Okay, so I have not had any contact with him since Monday. That was simply a brief conversation about a water problem here @ the house. He must have been with TOW as he was talking to me kind of weird. Before that it was a text conversation on Saturday where he apologized to me because "things aren't working out the way I want." At times I am accepting of the situation and I can think of all the reasons I don't want/need him in my life. Other times it's so unbearably painful. We are going to have to sell the house as there is no way I can refinance it into my name. We just refinanced last summer so we owe more that we could sell it for. He doesn't know any of this. In his divorce petition he is giving me the house, paying child support and spousal support directly to the mortgage company, but I have to refinance into my name within 2 years or sell it and pay any deficit myself. Obviously that is not a positive outcome for me. My lawyer is drafting my response to say that we sell the house and if we can't get the mortgage company to accept a short sale then we split the deficit. The thought of moving is overwhelming to me. At times I want him to contact me and say he wants to work on things, but I'm not sure I can overcome the cheating. My friend keeps telling me to just breathe....


----------



## Leaving it up to fate (May 11, 2009)

Well, today is going to be a really hard day. It's his birthday. I really want to text him Happy Birthday. I woke up @ 530 and cant go back to sleep from stressing over this. On the one hand I know I shouldn't care and shouldn't text him. I'm so confused....


----------



## krmrswy_19 (May 27, 2009)

Something similar happened to me last month. My stbx and I had a big fight the day before his birthday and we both said some really mean things to eachother. I was really nervous too, thinking about if i should cave and just say happy birthday but then I thought; he really doesn't deserve it because he left me for somebody else so she can tell him happy birthday. Well he actually texted me and was apologizing for bein mean the day before and then I mentioned happy birthday after he apologized. But honestly If i was you, I wouldn't text or call or say happy birthday unless he gets ahold of you first. And then if he does get ahold of you, just say oh yeah happy birthday. I'm tellin you he doesn't deserve it.


----------



## Corpuswife (Apr 24, 2009)

So sorry for your pain!
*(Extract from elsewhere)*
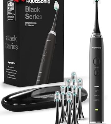 Aquasonic Black Series Ultra Whitening Toothbrush – ADA Accepted Electric Toothbrush- 8 Brush Heads & Travel Case – 40,000 VPM Electric Motor & Wireless Charging – 4 Modes w Smart Timer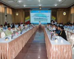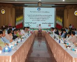 ပြည်ထောင်စုဝန်ကြီး ဦးသန့်စင်မောင် ဆိပ်ကမ်းကဏ္ဍ ဖွံ့ဖြိုးတိုးတက်ရေးလုပ်ငန်းများ ညှိနှိုင်းအစည်းအဝေး တက်ရောက်

I understand....

Just know as long as he is with TOW then the chances are low that no matter what you do, he won't come back. It's when he/she breaks the relationship off is when he starts to knock on your door again (this is highly likely).


----------



## toomanytears (Apr 15, 2009)

Agree with Corpuswife.....as long as TOW is in the picture chances of working it out will not happen. I myself am going thru the same thing and it's painful but you have to start planning your life without him in it. It's hard but you have no other choice. The NC helps and hurts at the same time but eventually gets easier if you try to keep yourself busy with doing other things.


----------



## Deejo (May 20, 2008)

Seriously, this is the point where you need to put aside grief, even if only for a while and think about what you, and your children need. If you aren't sure what that should be, at the very least your attorney can provide guidance.


----------



## Leaving it up to fate (May 11, 2009)

I'm very disappointed in myself. I texted him Happy Birthday and he responded with thanks. I then sent a message about relationship stuff. Of course he didn't answer. I am going back to NC (as of 10:20 am). Tomorrow is counseling and paying the retainer for the lawyer so he can write my response to the initial divorce petition. My daughter and I cleaned out the attic and took a bunch of stuff to charity yesterday. It felt really good. When it comes time to sell and move I would rather get rid of stuff gradually than have to do it all at once. Thank you all for reading and commenting on my post. I am very thankful for this forum.


----------



## Rhea (May 16, 2009)

Hey there girl, don't beat yourself up just get back on track. I too tend to respond to random texts w/why are we doing this?! And the whole mess starts all over and I'm like ugh why do I do this to myself?! It's really hard when you're not the one that wants this (that's my case...I don't want it! I want to stay married and work it out) It's the worst. Stay strong (as I say this I'm struggling myself so take it for what its worth)

Hugs to you!


----------



## Leaving it up to fate (May 11, 2009)

Went to counseling this morning (individual). Also went and paid the lawyer. He should have my response ready on Wednesday so I can sign. Got up and got dressed in nicer clothes, did my hair, and my makeup. Ha! Next time he sees me he will be wishing he'd stayed as I have already lost 45 pounds and 2 pant sizes. I'm still fuller figure, but I haven't looked this good in a long time. 

-Rhea, I appreciate you sharing with me. I don't feel so alone in my struggle. Somedays I wonder if I would even try. Other days, like yesterday, I miss him like crazy!!!! We can do this. Gotta be strong, independent women. We will look back and say, I did everything I could and HE chose to leave/not come back.

Hugs!
Cindy


----------



## Lostman (May 23, 2009)

Hey I understand completely where you are coming from. Just vice versa is all. The only thing I can't do is the NC because my kids are only 7 and 6. I couldn't let go at first it was hard. Like you I had to move. She left that all up to me. She came back from TOG for a week, then moved to her mothers. I had to follow her half way there just so I could give my kids up to her.

One think I find that helps me out is thinking of all the things she didn't do or cared enough to do. I tell myself I deserve better. I do have really hard days just like you. Letting go is hard to do and takes time. Hang in there. At least your not stuck in limbo like I am. Wish best of luck to you. Remember do what you feel is right!!!!


----------